Happiness, friendship, peace, satisfaction — these and other positive emotions make life enjoyable, fulfilling, and worth living. But they come at a cost: they require giving up negative emotions — like anger, bitterness, and sorrow — that make life difficult, meaningless, and full of suffering. And nobody wants to do that. So here are tried and tested ways to become (and remain) miserable for the rest of your life.

  1. Deny responsibility, justify your flaws, and blame others for your suffering. This will enable you to avoid negative consequences, thereby transferring your pain and problems to innocent others.
  2. Ignore or become offended by attempts from others to correct your ways. This is especially effective when you’ve heard others’ suggestions before and multiple people have made them.
  3. Avoid resolving childhood trauma; opt instead to pass it on.
  4. Manipulate others (and yourself) into believing that they (not you) are the problem. Because if you’re the problem, then you can solve it. But if everyone else is the problem, then you can’t, so you don’t have to.
  5. Avoid giving people the benefit of the doubt; instead, make negative assumptions about them (and yourself) and their motives.
  6. Treat the people closest to you worse than you treat anyone else, including yourself. Also, make no attempts to reconcile with them, and ignore or reject their honest attempts to reconcile with you.
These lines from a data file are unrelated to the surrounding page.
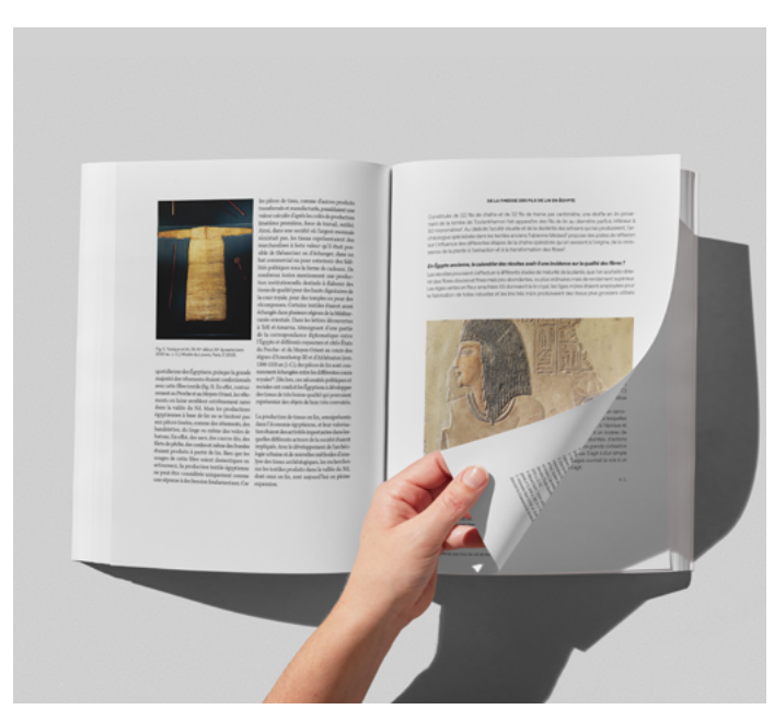
©Book "Flax-Linen, Fibre of Civilisation(s)" ACTES SUD / Alliance for European Flax-Linen & Hemp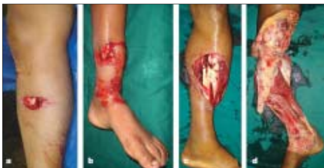
Figure 2: Clinical photograph of four different injuries, (a-d) which are all Gustilo IIIB by definition. Management and outcome of all these injuries, although grouped together under IIIB, are completely different

The mangled extremity severity score (MESS) was reported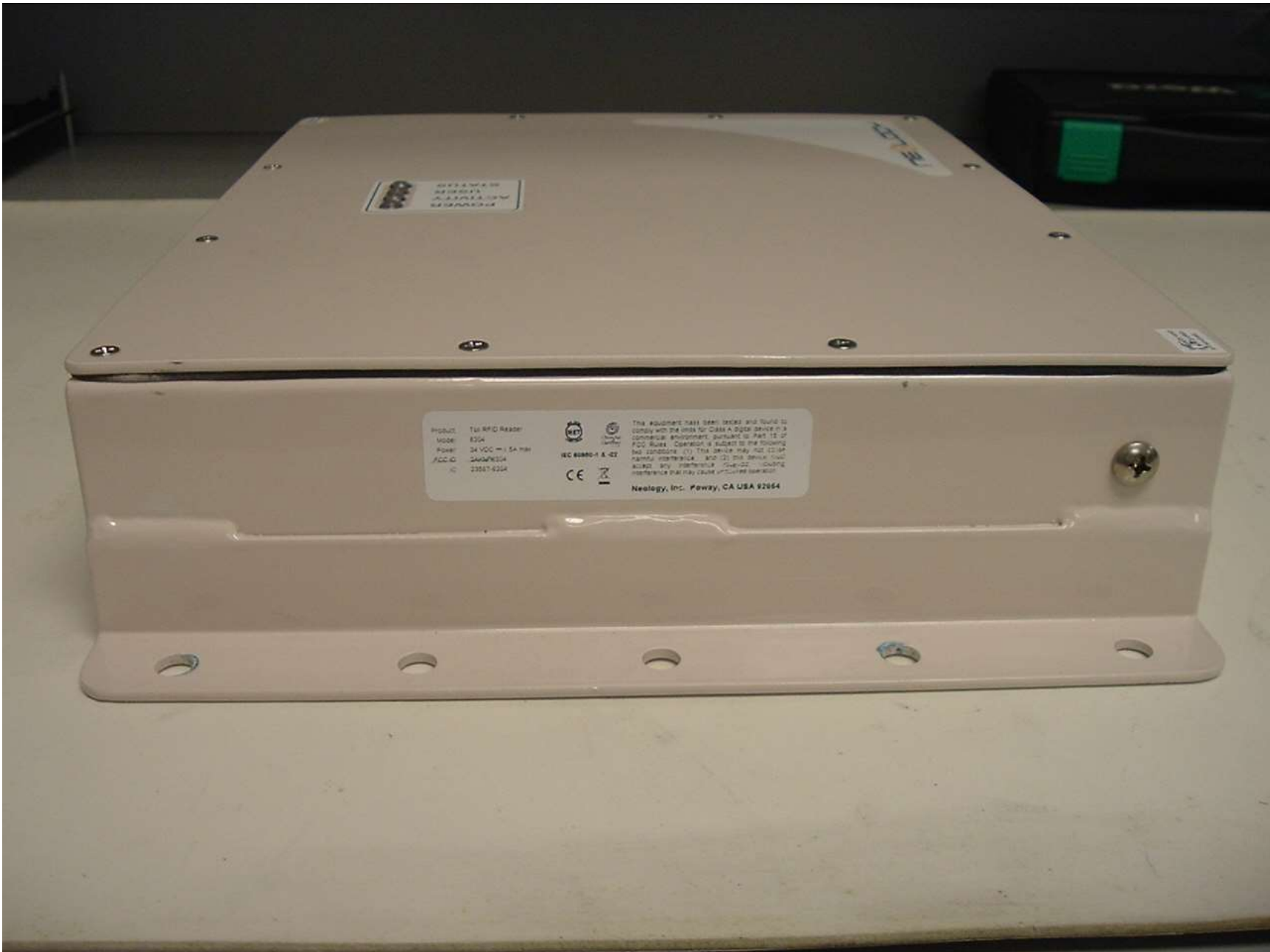
External Photo #1: 6204 Regulatory Label, Left Side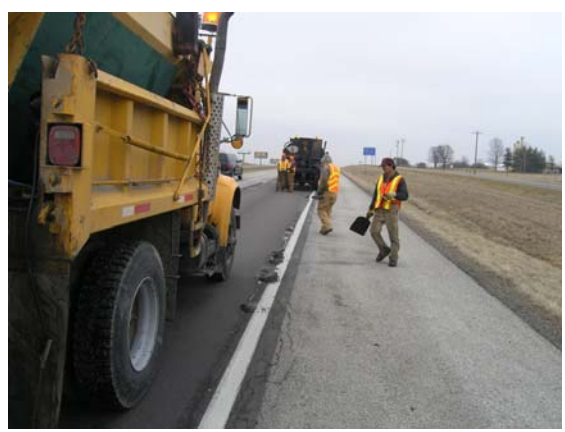
(3) Pothole Patching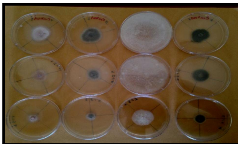
Figure (2): The activity of F.vulgare alcoholic extract on the mycelia growth of Alternaria alternata , Rhizoctonia solani , Phoma herbarum and Fusarium oxysporum (from right to left), at the concentration 0, 2.5, 5 % ( from up to down).

Aqueous and ethanol extract of F.vulgare were used showed significant inhibition of growth of Fusarium solani , Rhizoctonia solani and Macrophomina phaseolina (22). The aqueous and alcoholic seed extract of F. vulgare were evaluated for their antifungal activity against A. alternata , Mucor rouxii and Aspergillus flavus (Neet et al. 2013). Concentrations of 10, 20 and 30% extracts of F. vulgare reduced the fungal biomass production in all tested pathogenic fungal species especially in initial growth stage (23).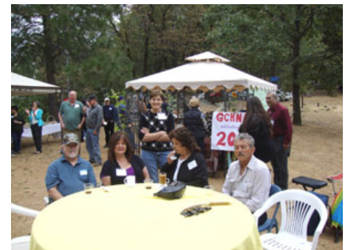
Nevada City Rancheria Honored Guests.

If you need emergency service during severe weather conditions call any of our Neighborhood Representatives for assistance.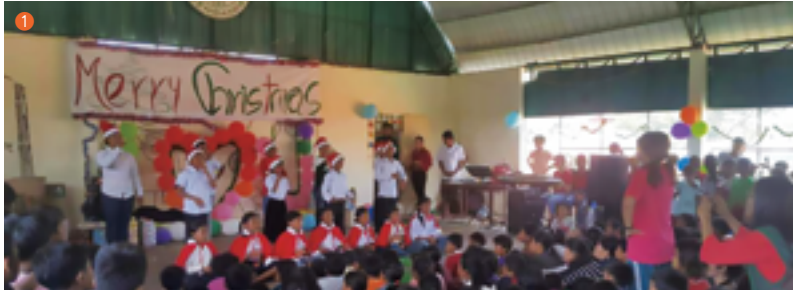
1 Christmas performance

  7. Believe that your thoughts and feelings indicate objective truths, and that your knowledge about situations is absolute, such that your interpretations are always right and your responses are never wrong.
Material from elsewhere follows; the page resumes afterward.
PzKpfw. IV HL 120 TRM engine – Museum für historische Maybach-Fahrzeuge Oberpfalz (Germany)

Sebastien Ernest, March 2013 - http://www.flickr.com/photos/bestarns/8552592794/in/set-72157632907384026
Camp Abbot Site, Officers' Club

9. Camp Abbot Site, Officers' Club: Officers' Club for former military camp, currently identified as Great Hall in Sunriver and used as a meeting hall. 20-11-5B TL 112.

  8. Focus on the most negative aspects of human nature and thereupon build your philosophy of people; indeed, believe that people are the worst they can be and then use outliers and exceptions as evidence of your belief.
  9. Project your insecurities onto everyone you know — make them racist, sexist, incompetent, selfish, and cruel. This way, you’ll never have to confront the evil within yourself, as you’ll only ever see it without.
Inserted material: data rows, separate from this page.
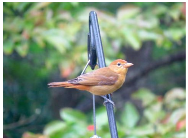
Summer Tanager at feeder station, September 21.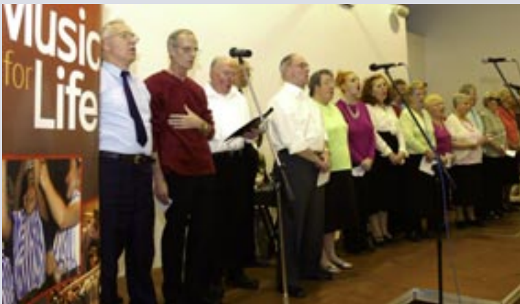
Raising the roof - the Kensington Community Choir performing at the choral evening.

The event, which featured a wide variety of traditional Irish music and dance, was a repeat of the 2005 event and proved to be just as successful.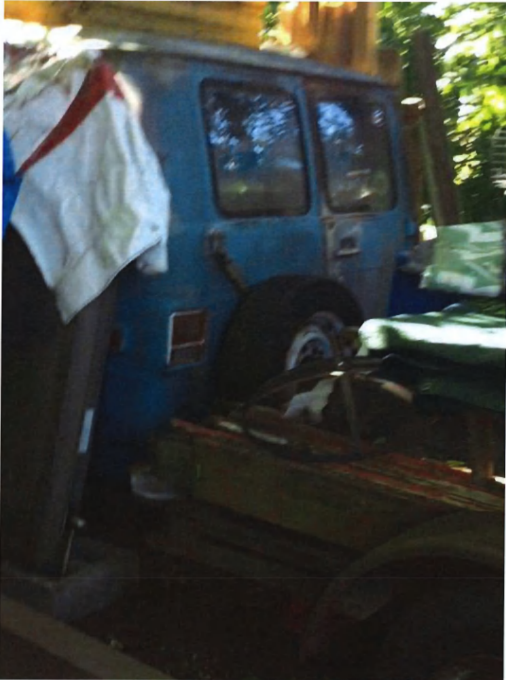
Photo 4: Outdoor storage of materials and parking on unimproved surface at 530 S. Washington Street on 06/23/2023.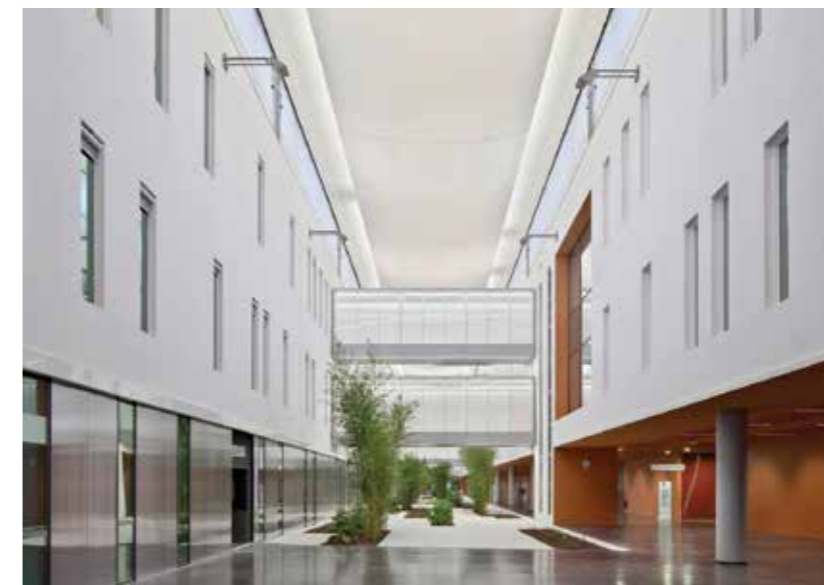
Corporate Offices, France | Danpal® Interior Partitions System 16mm

  10. If something bothers you, don’t try to figure out why; just put up with it until you become resentful, or simply ignore it until the next time it bothers you and then ignore it again and again until you become resentful.
  11. Mark certain topics, ideas, and words as off limits, and regard anyone who entertains them as antagonistic. Also, respond emotionally to rational arguments.
  12. Hold people to expectations that you fail to meet yourself and then excuse your failure as circumstantial while regarding theirs as moral or characterological. Also, hold people to expectations that you haven’t communicated and then punish people for failing to meet them.
  13. Ignore patterns of thinking and behaving that consistently cause you to suffer. For example, if you’re overweight, just keep eating food and buying bigger clothes.
  14. Use the failures of others to continue in and justify your own. After all, had others not failed, you wouldn’t have either; and since others didn’t succeed, you can’t.
  15. Attribute your negative emotions to — and excuse your bad behaviors because of — external factors, such as stress or fatigue, instead of to internal factors, such as incompetence or insecurity.
  16. Believe that you’re better than your circumstances so you’ll never have to know that you’re not. Also believe that you’re not responsible for your circumstances so you’ll never have to change them.
  17. Remain oblivious to your condition so you’ll never have to be responsible for it; if you never know that you’re arrogant, spiteful, or manipulative, then you’ll never have to evolve and can thus remain unaware of your effect.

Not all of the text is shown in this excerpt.